German supermarket chain Lidl today announced that it plans to dedicate £10 million to give 19,000 of its employees a pay rise.
The pay rise would see hourly rates for its staff on entry-level pay, go from £9.00 to £9.30 outside of London. Within the M25, rates of £10.55 to £10.75 would increase to £11.70, depending on employees’ length of service and location.
In real terms, this would mean that staff would be on wages that are between 13-30% above the Government’s current ‘National Living Wage’, as well as being in line with the Living Wage Foundation’s standards.
Commenting on the announcement, Lidl GB Chief Executive Christian Härtnagel said,
“During this time of such uncertainty, we feel fortunate to be able to make this investment in our colleagues, and give them peace of mind with regards to their salary,”

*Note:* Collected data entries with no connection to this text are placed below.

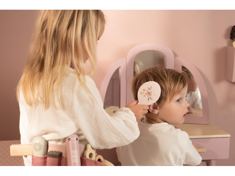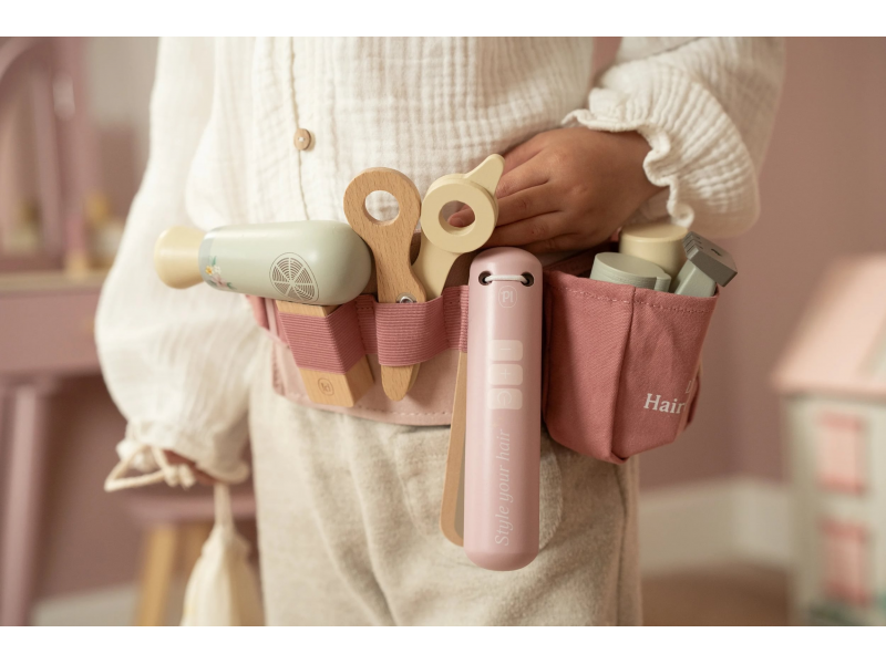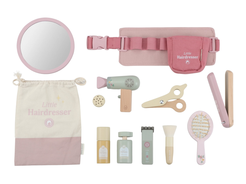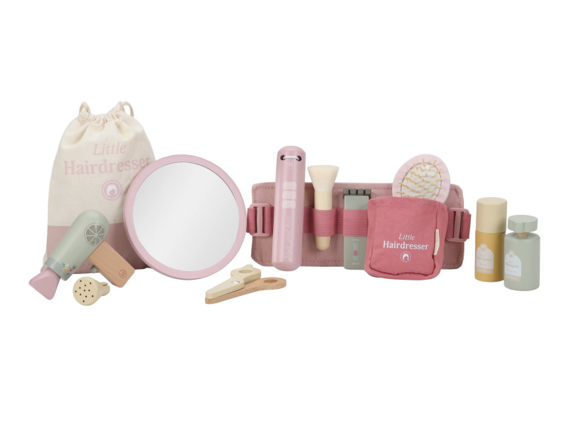 Stříhání, foukání a vytváření účesů jako u opravdového kadeřníka, to vše přináší dětem tato kouzelná dřevěná sada Little Dutch. Najdou v ní vše, co potřebují k otevření vlastního salonu krásy pro panenky, sourozence i kamarády. Kdo bude první zákazník?
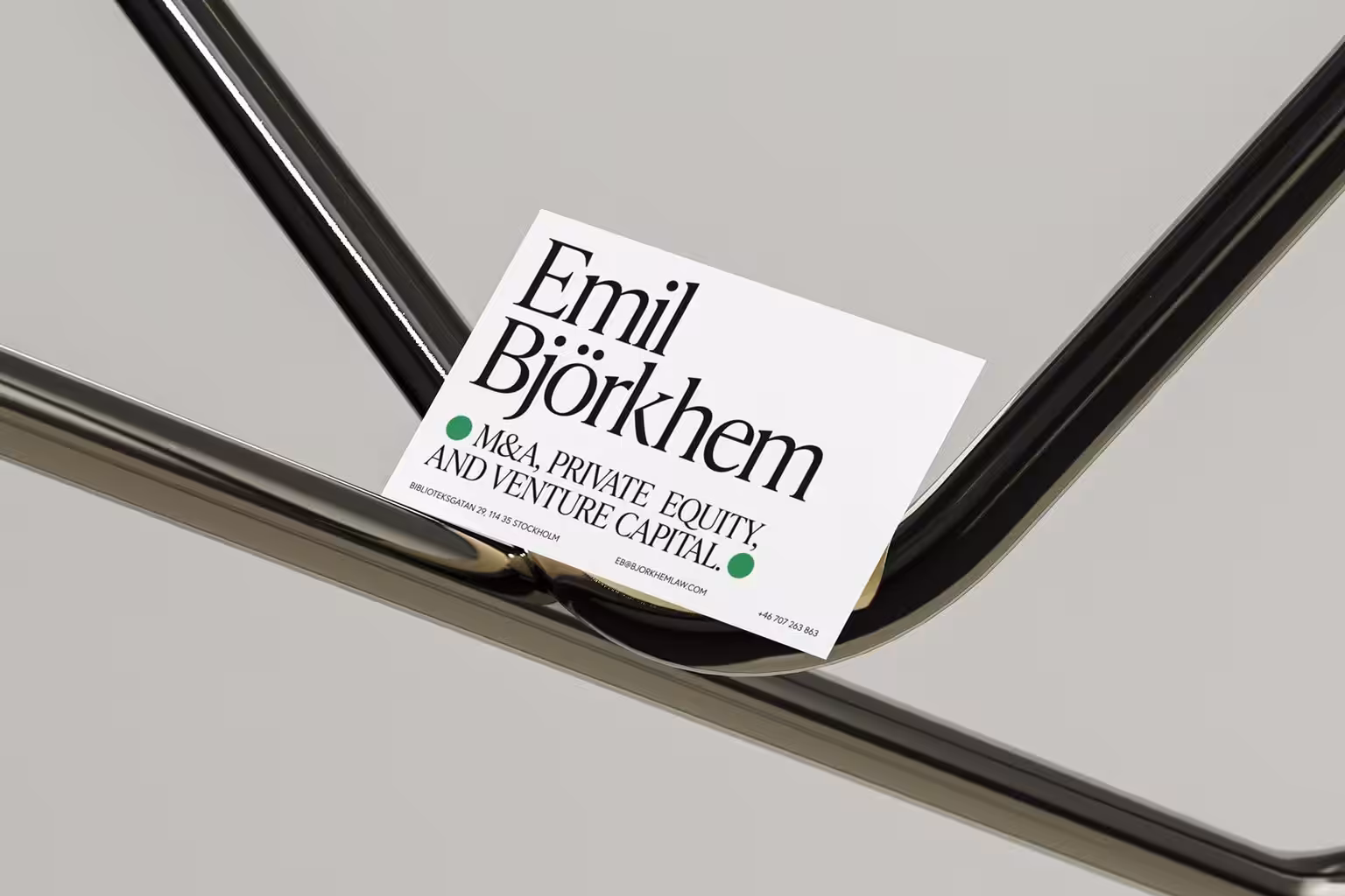Björkhem is a newly founded law firm in Stockholm, Sweden. Founded by Emil Björkhem they set off to help founders and entrepreneurs with strategic and legal advisory. Emil’s ambition was to match the visual identity with their offerings of innovative and tailor-made solutions in a way that feels dynamic and cohesive with a clear visual hierarchy. For him it was important to steer away from the meaningless imagery and bland typography that this industry is used to seeing.
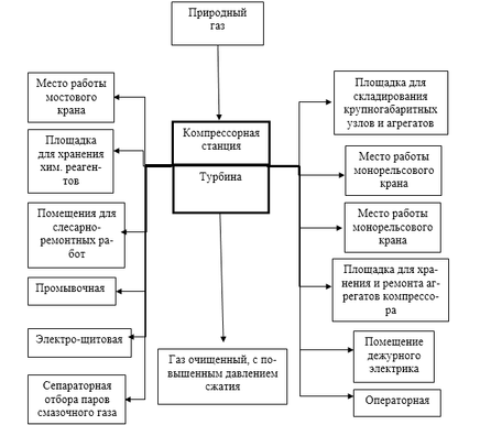 Функциональные требования к модулю 4- газовая компрессорная установка, заключаются в том, чтобы здание наиболее полно удовлетворяло своему назначению, т.е. заданным параметрам размещаемого в нем технологического процесса. Главным технологическим оборудованием в здании является газовая турбина. Для работы газовой турбины необходимо предварительное сжатие природного газа при помощи компрессора. Природный газ поступают в компрессорную из скважин хранения по магистральному газопроводу. Сжатие газа, транспортируемого по магистральным газопроводам, осуществляется на компрессорной станции, оборудованных центробежным компрессором. Через входной кран газ из магистрального газопровода, пройдя через пылеуловители и маслоуловители, поступает на вход рабочих центробежных нагнетателей. После двухступенчатого сжатия и очистки газ через обратные клапаны и краны направляется в магистральный газопровод [24].
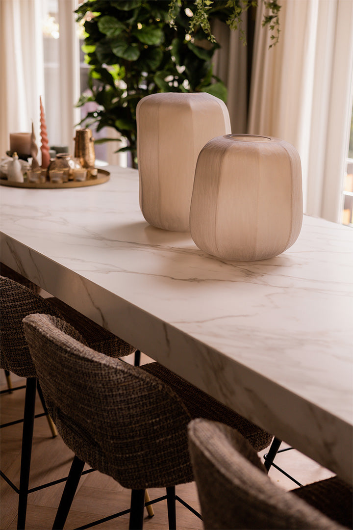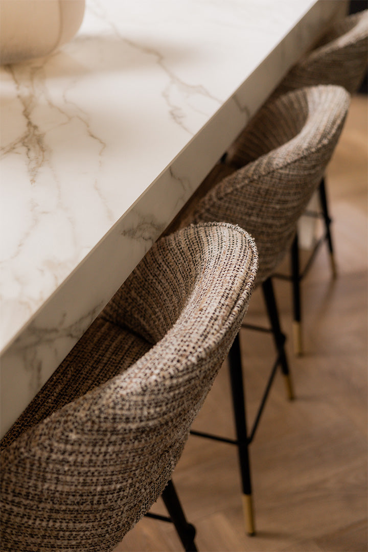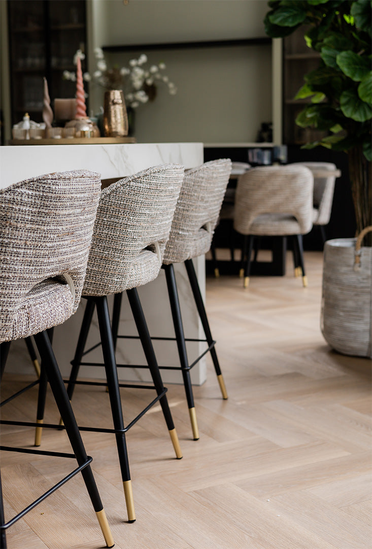 Het huis ziet er prachtig uit. De luxe barkrukken en eetkamerstoelen zijn van dezelfde stof, zodat het in de eetkamer één geheel is. In de zitkamer is gebruik gemaakt van teddy stof met warme tinten.

“Our hourly paid employees represent over 80% of our entire workforce, and are the absolute backbone of our business. It is because of them that we continue to be the fastest supermarket, and are able to realise our ambitious expansion plans.”
“This move is, therefore, testament to the unwavering commitment that each and every one of them puts into their work on a daily basis.”
Lidl said the new wage structure will come into effect in March 2020.
Also this year, the supermarket announced £500 million of investment in London over the next five years, as well as stating that it wanted to expand its current offering of 770 stores, to 1,000 stores by 2023.
The Company sets a positive example that should be applauded and rewarded by the Government. Its efforts to expand its presence will not only provide employment opportunities, but jobs that provide a decent standard of living.
Issuing less positive updates, Asda (NYSE: WMT) talks about its quarterly slump and Kantar (NYSE: BCSF) highlights a gloomy outlook for supermarkets. In more uplifting news, Tesco Plc (LON: TSCO) said it was going to trial its Clubcard Plus offering.